Artificially designed recombinant protein composed of multiple epitopes of foot-and-mouth disease virus as a vaccine candidate

Ho-Bin Lee  1 Da-Chuan Piao  1 Jun-Yeong Lee  1 Jae-Yun Choi  1 Jin-Duck Bok  2 Chong-Su Cho  1 Sang-Kee Kang  3 Yun-Jaie Choi  4   5
Affiliations

Artificially designed recombinant protein composed of multiple epitopes of foot-and-mouth disease virus as a vaccine candidate

Ho-Bin Lee et al. Microb Cell Fact. .

Abstract

Background: Concerns regarding the safety of inactivated foot-and-mouth disease (FMD) vaccine have been raised since it is produced from cultured live FMD virus (FMDV). To overcome this issue, recombinant protein has been studied as an alternative vaccine.
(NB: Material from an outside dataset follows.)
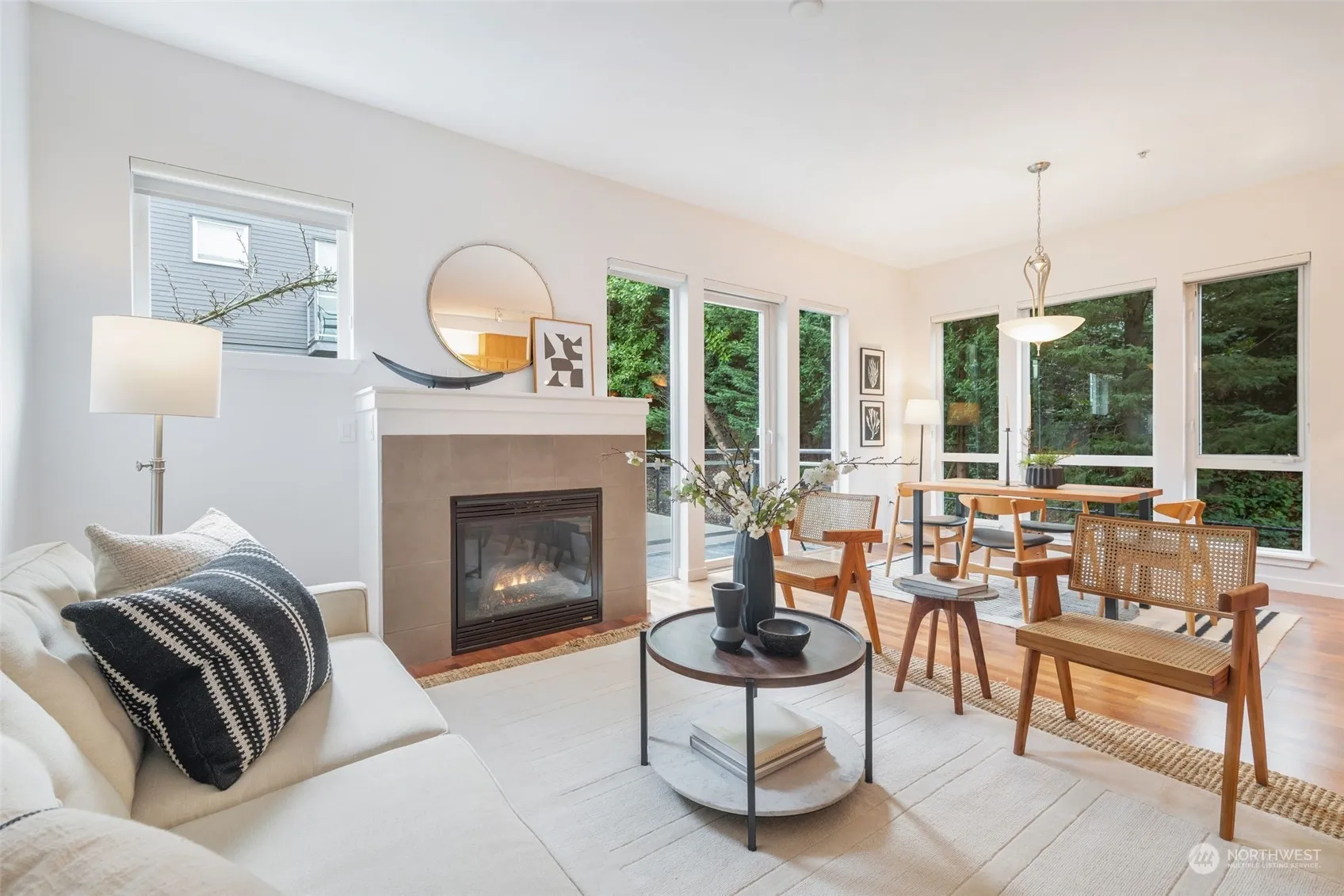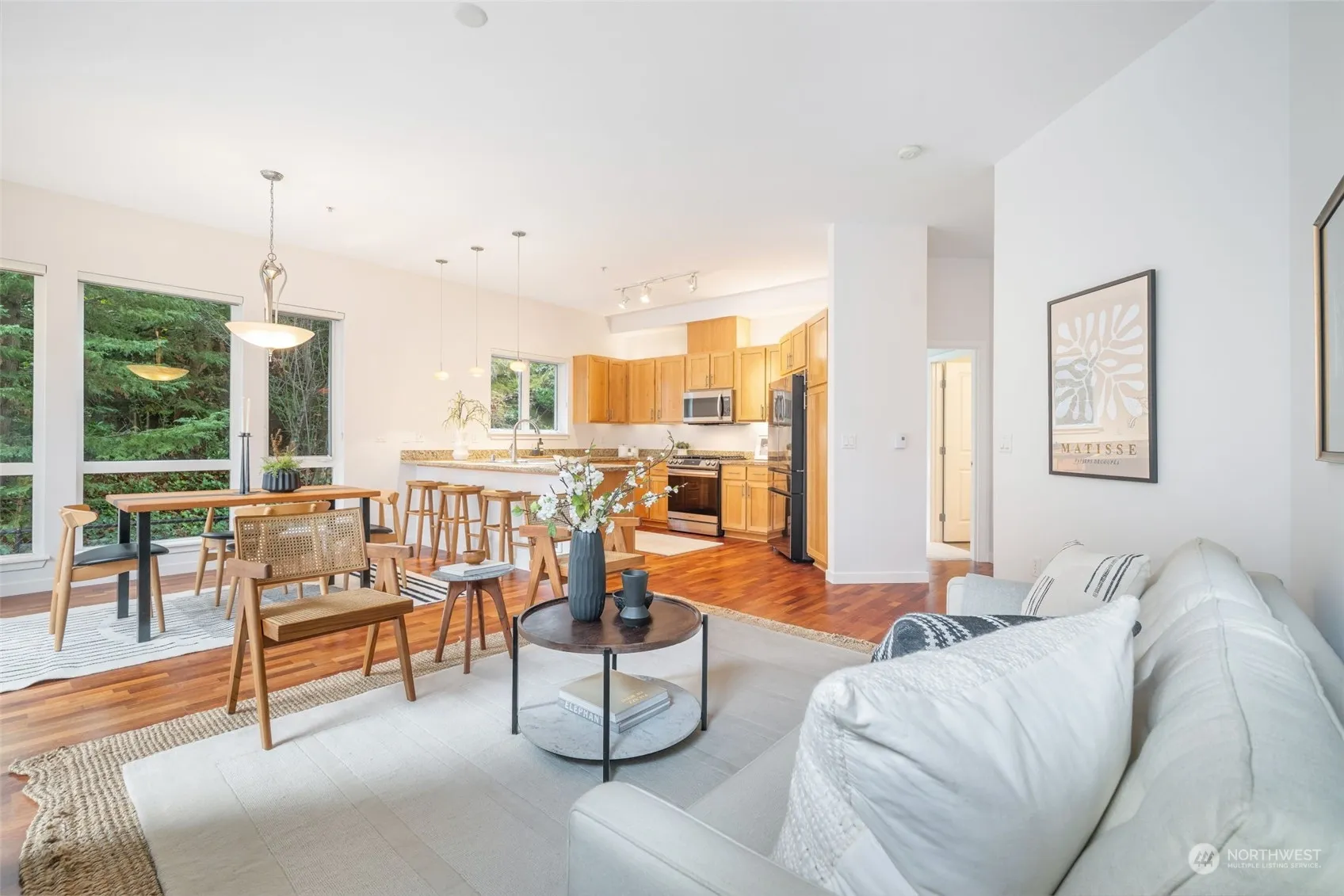 Spacious, sought-after, corner home perched against an evergreen backdrop offers serenity and walkability in the heart of Downtown Kirkland. An elegant entry welcomes you into this coveted floorplan with dramatic 9’ ceilings and flexible office nook. Windows wrap the open kitchen and generous living room with light and nature. Enjoy morning coffee from the charming balcony and unwind in your private, primary bedroom with walk-in closet and ensuite bath. A second bedroom and bath add space and flexibility. Well-managed, pet friendly building just steps from PCC Market, Kirkland Urban and the 12.5 acre Peter Kirk Park.

Results and conclusion: We designed a chimerical multi-epitope recombinant protein (5BT), which is comprised of tandem repeats of five B cell epitopes (residue of VP1 136-162) derived from different FMDV variants and one T-cell epitope (residue of 3A 21-35). To increase solubility and stability of 5BT, it was conjugated with BmpB, the membrane protein B of Brachyspira hyodysenteriae (B5BT). Our results indicated that 5BT was susceptible to degradation by host protease and produced with substantial fraction of inclusion body. The stability and solubility of 5BT was greatly increased by conjugating to BmpB. FMDV specific antibodies were observed in the serum of mice immunized with 5BT and B5BT comparable to inactivated FMD vaccine. Sera from 5BT and B5BT groups also exhibited high epitope-specific antibody titers in peptide specific ELISA, indicating that all five epitopes are exposed to the B cell receptor for the antibody reaction. Thus the multi-epitope recombinant protein designed in this study may be a potential candidate as an alternative vaccine against FMDV epidemic variants.

Keywords: Artificial recombinant protein; B cell epitope; FMDV; GH loop; Multi- epitope.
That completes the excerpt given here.